Чтобы проверить текущее количество записей в каждой секции, выполните следующие repadmin команды:
repadmin /showattr . "CN=MicrosoftDNS,CN=System,DC=contoso,DC=com" /subtree /filter:"(objectclass=dnsnode)" /atts:"dnsRecord" /allvalues >c:\temp\dns_Domain.txt
repadmin /showattr . "CN=MicrosoftDNS,DC=DomainDnsZones,DC=contoso,DC=com" /subtree /filter:"(objectclass=dnsnode)" /atts:"dnsRecord" /allvalues>c:\temp\dns_DomainDnsZones.txt
repadmin /showattr . "CN=MicrosoftDNS,DC=ForestDnsZones,DC=contoso,DC=com" /subtree /filter:"(objectclass=dnsnode)" /atts:"dnsRecord" /allvalues >c:\temp\dns_ForestDnsZones.txt
В выходных данных отображается текущее количество записей в dnsRecord атрибутах соответствующей интегрированной зоны Active Directory.
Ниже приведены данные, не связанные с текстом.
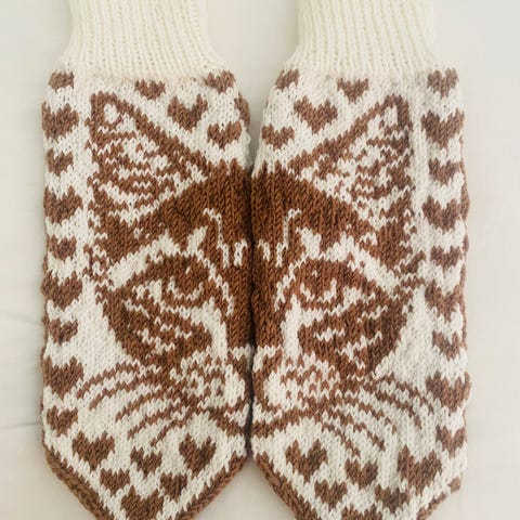 Hjemmestrikkede votter med lekent giraff-mønster🦒
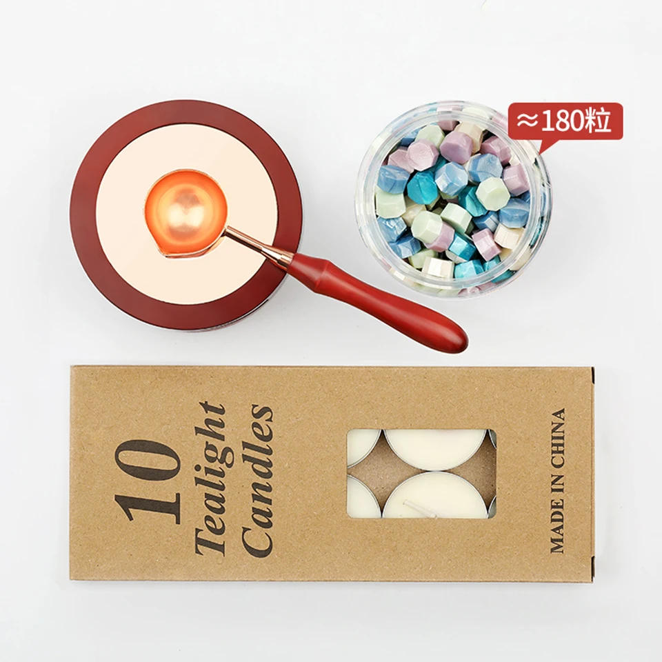 Спецификация Название продукта: набор штампов для воска Цвета: как показано на фотографии Посылка включает в себя: 1 шт. * уплотнительная восковая печь 1 шт. * уплотнительная ложка для воска 10 шт * герметичные восковые свечи 180 шт * уплотнительные восковые бусины Посылка: 1 комплект * наборы штампов для запечатывания воска

Например:
DN: DC=@,DC=..TrustAnchors,CN=MicrosoftDNS,DC=ForestDnsZones,DC=contoso,DC=com
1280> dnsRecord: <48 byte blob>;
Удаление потерянных записей обозначенных контроллеров домена
Чтобы устранить эту проблему, удалите все потерянные записи указанных контроллеров домена из зон. Чтобы проверить и выборочно удалить записи, выполните следующие командлеты Windows PowerShell:
Get-DnsServerResourceRecord -ZoneName trustanchors -RRType Ns
Remove-DnsServerResourceRecord -zonename trustanchors -RRType Ns -Name “@” -RecordData DC.contoso.com
Если необходимо удалить несколько записей ресурсов (RR) для одного узла, выполните следующие командлеты:
$AllNsRecords = Get-DnsServerResourceRecord -ZoneName “trustanchors” -RRType Ns
Foreach($Record in $AllNsRecords){
If($Record.recorddata.nameserver -like "*dc2*"){
$Record | Remove-DnsServerResourceRecord -ZoneName trustanchors
}
}
$AllSrvRecords = Get-DnsServerResourceRecord -ZoneName “_msdcs.contoso.com” -RRType Srv
Foreach($Record in $AllSrvRecords){
If($Record.recorddata.domainname -like "*dc2*"){
$Record | Remove-DnsServerResourceRecord -ZoneName _msdcs.contoso.com
}
}
Включение ведения журнала отладки с помощью TroubleShootingScript (TSS)
Чтобы запустить трассировку на DNS-сервере с помощью TSS, выполните следующий командлет:
.\TSS.ps1 -Scenario NET_DNSsrv -Mode Verbose -WaitEvent Evt:4015:'DNS Server'
Примечание.
Ведение журнала трассировки будет остановлено автоматически после регистрации идентификатора события 4015.
Дополнительные сведения см. в статье Сбор сведений о ключах перед обращением в службу поддержки Майкрософт.